Ripple CEO criticizes SEC for ‘contradictions’ on crypto regulations

Regulation

Brad Garlinghouse, the chief executive officer of Ripple Labs, has claimed the United States Securities and Exchange Commission, or SEC, has inconsistently imposed regulations on crypto firms in the country. 

Speaking to Wired editor-in-chief at the Collision conference in Toronto on Thursday, Garlinghouse pointed to Ripple’s current legal battle with the SEC, in which the federal regulator has alleged the company’s executives conducted an “unregistered, ongoing digital asset securities offering” with XRP token sales. Garlinghouse referenced the SEC’s approval of Coinbase’s public offering in April 2021 despite the fact the crypto exchange listed XRP at the time.
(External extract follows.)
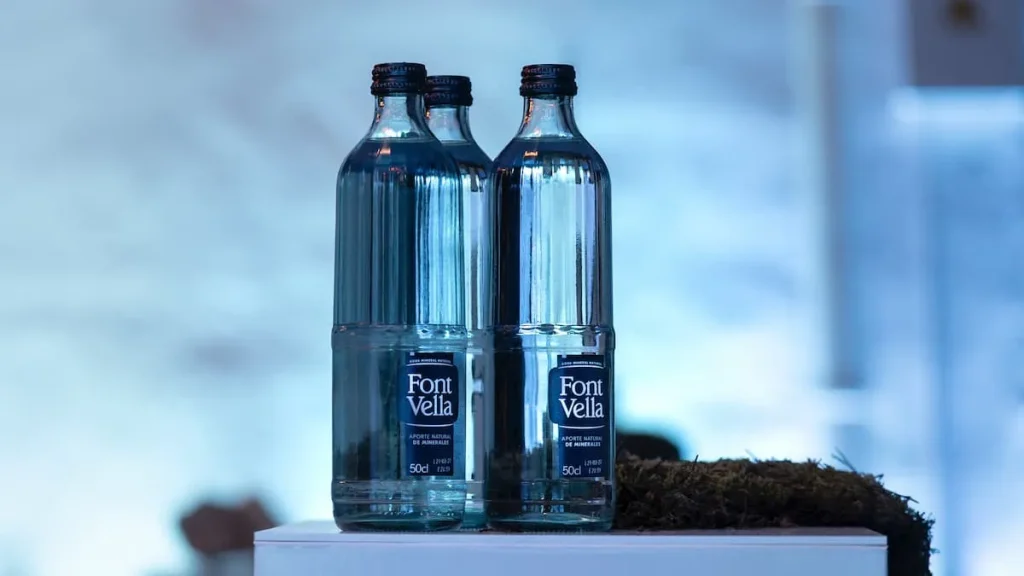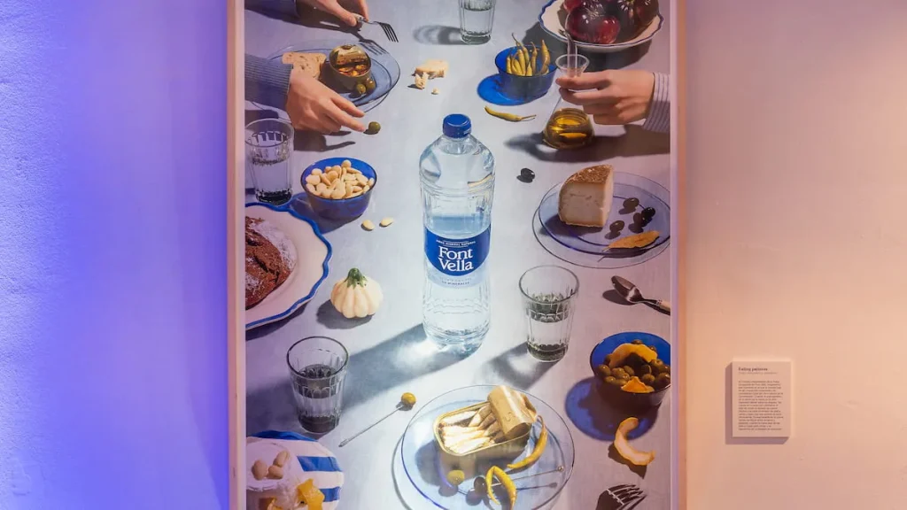 Simulando una botella de cristal, la nueva botella de agua de Fontbella fabricada en plástico pero con un diseño mucho más bonito que el habitual. Resulta que el nuevo diseño se debe a la conmemoración de los 150 años de historia de la marca. Buscando la foto para este post he encontrado que, en la exposición que realizaron para celebrar el aniversario, también contaron con reconocidos artistas para que plasmaran en su obra una botella de la marca.

“The SEC now seems to take the position when they sued us that ‘XRP is a security and always has been’, but they approved Coinbase going public even though Coinbase is not a registered broker-dealer,” said the Ripple CEO. “There’s some contradictions here of the SEC almost not, within its organization, knowing left hand, right hand.” Garlinghouse added:

“The SEC, instead of doing the hard work to define a new set of clear rules, a new set of clear regulations […] they instead decide we’re going to do regulation through enforcement, which is not efficient and really I think has stifled innovation in the United States.”

Garlinghouse, Ripple co-founder Chris Larsen, and chief technology officer David Schwartz have all leveled complaints against U.S. regulators prior to and following the SEC filing its lawsuit against the firm in December 2020. Larsen suggested in October 2020 that Ripple might consider leaving the U.S. behind given many authorities’ policy of “regulation through enforcement” — the firm is currently headquartered in San Francisco, but also has offices in Dubai and Wyoming.

Related: Ripple counsel slams SEC for trying to bulldoze and bankrupt crypto

“I don’t think [crypto is] the Wild West at all,” said Garlinghouse, in response to SEC chair Gary Gensler’s characterization of the space. “I think crypto certainly is a volatile asset class […] All asset classes have a certain volatility — I don’t think it’s a regulator’s job to determine how that volatility should be accessed by consumers, by businesses.”

The court case between Ripple and SEC is still ongoing, with many expecting the results to set a precedent for the regulatory treatment of cryptocurrencies in the United States.